TA de la Polynésie française, 10 octobre 2023, n° 2300022

 

REPUBLIQUE FRANCAISE
AU NOM DU PEUPLE FRANCAIS
 

 

Vu la procédure suivante :

Par une requête enregistrée le 13 janvier 2023, la SARL Technofroid, représentée par Me Peytavit, demande au tribunal :

1°) d'annuler la décision du 24 novembre 2022 par laquelle le directeur adjoint de la direction de l'agriculture de la Polynésie française a décidé de déclarer sans suite l'appel d'offres relatif à la fourniture de conteneurs frigorifiques ;

2°) de condamner la Polynésie française à lui verser la somme de 6 169 877 F CFP en réparation du préjudice subi ;

3°) de mettre à la charge de la Polynésie française la somme de 250 000 F CFP au titre de l'article L. 761-1 du code de justice administrative.

Elle soutient que :

- la déclaration sans suite est irrégulière quant à sa motivation, en effet, la direction de l'agriculture a commis une erreur matérielle dans la rédaction du règlement de consultation en indiquant comme montant maximal du marché à bons de commande la somme de 35 000 000 F CFP, soit une somme supérieure au seuil fixé par l'article LP. 223-2 du code polynésien des marchés publics en Polynésie française, l'erreur matérielle est donc de 1 F CFP ;

- l'offre globale de la société Technofroid, qui s'élevait à 30 849 388 F CFP, était inférieure au seuil de l'article LP. 223-2 du CPMP, de ce fait, il n'y avait aucun risque quant à la régularité du marché ;

- cette déclaration est intervenue plus de trois mois après la transmission de l'avis d'attribution ;

- en réalité, cette décision est liée aux difficultés rencontrées entre l'entreprise et la direction de l'agriculture pour des problèmes de garantie de conteneurs fournis dans le cadre d'un marché de même nature qui lui avait été attribué en 2020 ; pour ce marché, la Polynésie française exigeait une intervention en garantie alors qu'elle était déjà intervenue une première fois, et que la direction de l'agriculture avait fait intervenir des entreprises ; un agent de la direction de l'agriculture l'avait informée que sans réponse de sa part, il considérerait qu'elle se désistait de manière permanente de sa responsabilité et lui a indiqué que : " ceci sera pris en considération dans les suites à donner " ; l'administration a donc décidé de déclarer sans suite le marché pour un motif totalement étranger à l'intérêt général, cette décision est donc entachée d'un détournement de pouvoir ;

- elle a droit au remboursement de l'intégralité de son manque à gagner du fait de l'exécution du marché, qui correspond à 20 % du montant du marché, soit 6 169 877 F CFP.
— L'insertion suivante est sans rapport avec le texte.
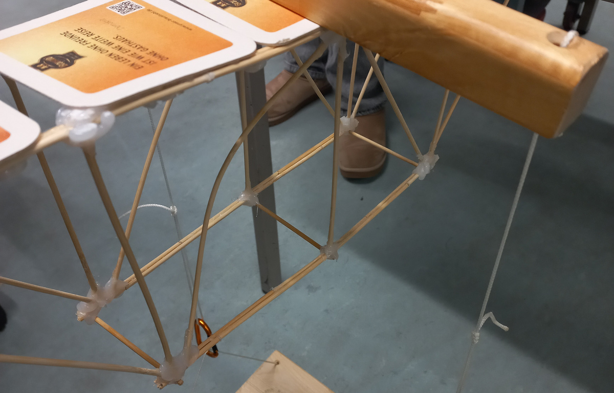 In den Räumen der Fachschaft fand der diesjährige Brückenbauwettbewerb im Modul Statik 1 statt. Aufgabe war es, eine Brücke aus Schaschlik-Spießen und Bierdeckeln zu konstruieren. Neben der Erstellung des Brückenmodells mit 50 cm lichter Spannweite, einer maximalen Bauhöhe von 20 cm sowie einem maximalen Eigengewicht von 150 g, sollte eine Abschätzung der Traglast erfolgen. Die Studierenden einer Gruppe (max. 5 Studierende) sollten hierzu ein Plakat erstellen.
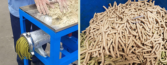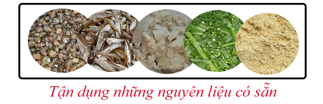 Nguyên liệu dùng để chủ yếu đùn cám gồm bột cám gạo, rau bèo, tép nhỏ, cua, bã bia, xương chân gà nhỏ,... Bà con lưu ý độ ẩm của nguyên liệu dao động từ 30 - 40%.

Par un mémoire en défense enregistré le 22 mars 2023, la Polynésie française conclut au rejet de la requête.

Elle soutient qu'aucun des moyens soulevés n'est fondé.

Par une ordonnance du 20 mars 2023, la clôture de l'instruction a été fixée au 14 avril 2023.

Vu les autres pièces du dossier.

Vu :

- la loi organique n° 2004-192 du 27 février 2004 ;

- le code polynésien des marchés publics ;

- le code de justice administrative.

Les parties ont été régulièrement averties du jour de l'audience.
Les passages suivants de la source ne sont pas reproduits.